Tasks are defined in the configuration files and then Sorcerer deserializes the YAML fields into an internal task object. To mark this, task definitions should be specified with a !task
tag and delimited with ---
. The task fields are:
key | required? | description |
---|---|---|
name | yes | task name unique in the task namespace |
next | yes | list of task names that are next in workflow |
exec | no | see Provided task types |
There are some provided task types that do not require you to implement. They are specified by populating the exec
field in the task definition.
-
This is a placeholder task that will inform Sorcerer to launch all of its
next
tasks in the next scheduled attempt of the pipeline. -
Since Sorcerer by default will not execute a task until all tasks that specify the current one as
next
are completed, any specified task is technically a "join" task. Nonetheless a workflow definition may sometimes be more readable to have a explicit join task. Therefore we provide a placeholder task that will wait until all previous tasks complete successfully before it is scheduled.
!task
name: task_1
next:
- task_2
- task_3
exec: fork
---
!task
name: task_2
...
The Task implementation has two parts: Annotation and Methods
Sorcerer task implementation should be annotated with the @SorcererTask
annotation with the name
field populated. The name specified in the annotation will be used to map to the corresponding task definition in the configuration files.

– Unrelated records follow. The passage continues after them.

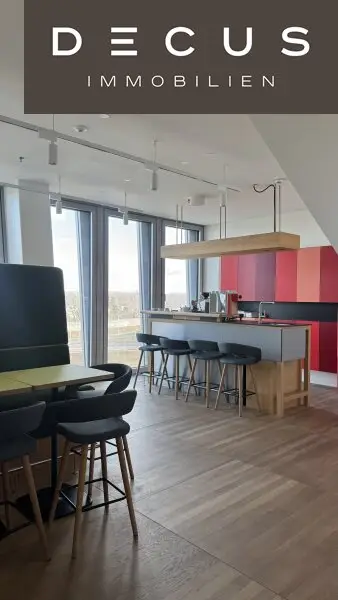 Ein besonderes Augenmerk wurde auf Servicequalität und Aufenthaltskomfort gelegt. Im Erdgeschoss befindet sich eine attraktive gastronomische Nutzung mit Café und Außenbereich vorgesehen, die sowohl Mitarbeitern als auch Besuchern als kommunikativer Treffpunkt dient. Ergänzend steht im ersten Obergeschoss ein hochwertiges Betriebsrestaurant zur Verfügung. Ein professioneller Empfangs- und Portierservice gewährleistet rund um die Uhr Betreuung und Sicherheit im Gebäude.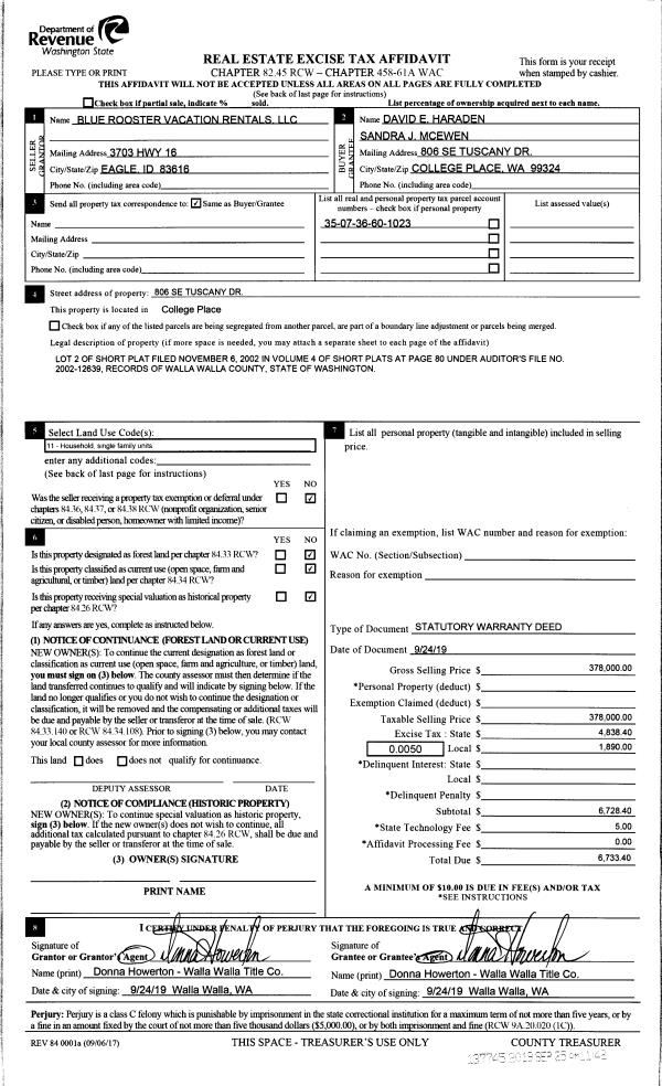 | 1 | 09/25/2019 | SWD | STATUTORY WARRANTY DEED | BLUE ROOSTER VACATION RENTALS LLC | HARADEN DAVID E | | | $378,000.00 | 137745 | 2019-07569 |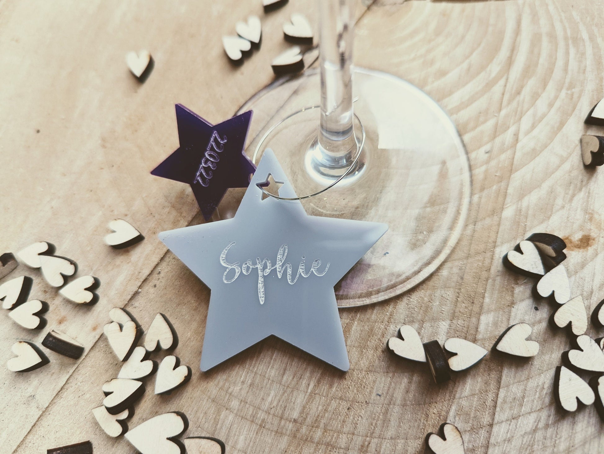 Personalised wine glass star charms - Acrylic wine glass charms available in range of colours - Wine glass charms with name and date

@SorcererTask(name = "task_name")
The Task
class is an interface that requires the user to override and implement the following methods:
-
Some tasks will require some initialization logic before execution. Since we use Guice injections to back instance creation, you could also implement some of your initialization code in a constructor.
Similiarly, the
init()
method is provided to implement the task initialization code. It also provides a Context object which contains some parameters (like iteration number) as well as provides a way to pass parameters from the init method to the rest of the task without having to implement class variables.It is important to note that the
init()
method is called before before the call togetDependencies()
. This can sometimes be useful becuase sometimes the dependency checking step can also require initialization. However the user should be aware of this because if the initialization step itself has dependencies, the user will have to implement those checks. -
This method returns a Collection of
Dependency
instances. These dependencies have to all resolve to true before Sorcerer proceeds with scheduling the task -
This is the main method of the task. The actual business logic of the task should be put into method. The method also throws Exception so any exceptions thrown in the method will be caught, then wrapped in a SorcererException and logged.
package com.example.tasks;
import com.turn.sorcerer.task.SorcererTask;
@SorcererTask(name = "new_task")
public class NewTask implements Task {
private int scheduledHour;
private int scheduledMinute;
@Override
public void init(Context context) {
scheduledHour = 17;
scheduledMinute = 30;
}
@Override
public void exec(Context context) throws Exception {
System.out.println("Running a new task!");
}
@Override
public Collection<Dependency> getDependencies(int iterNo) {
return ImmutableList.<Dependency>builder()
.add(new SorcererTaskDependency("prev_task_1"))
.add(new TimeDependency(new DateTime()
.withHourOfDay(scheduledHour)
.withMinuteOfHour(scheduledMinute)))
.build();
}
}
The Dependency
class is the object used by Sorcerer to check that a task's dependency is fulfilled. It only has one method to override:
-
This method returns true if the dependencies are fulfilled. The iteration number is provided to be used in the dependency checking.
There are some Dependency implementations already made available for some common task dependencies.
-
This is a task dependency on another Sorcerer task. This can be used if a task is dependent on another task from the same or another pipeline.It provides a variety of ways to specify the task and/or iteration number. See the java docs for more details.
-
This represents a task dependency based on time. This translates to a task being run only once a day. Sorcerer uses joda-time to represent time.
-
This is an abstract class that provides a
getPaths()
method where it will check for the existence of a the provided paths. See Javadocs for details.
In order to provide some context information for the task, a Context
object is provided. The Context object contains fields useful for the task to both get and provide information outside the context of the task.
-
This will return an immutable
int
representing the current iteration number of the task. -
This puts a user parameter into a map that is passed on to the next tasks.
-
This returns the property of the given key.
-
This puts a metric in the metric map with the provided key and value.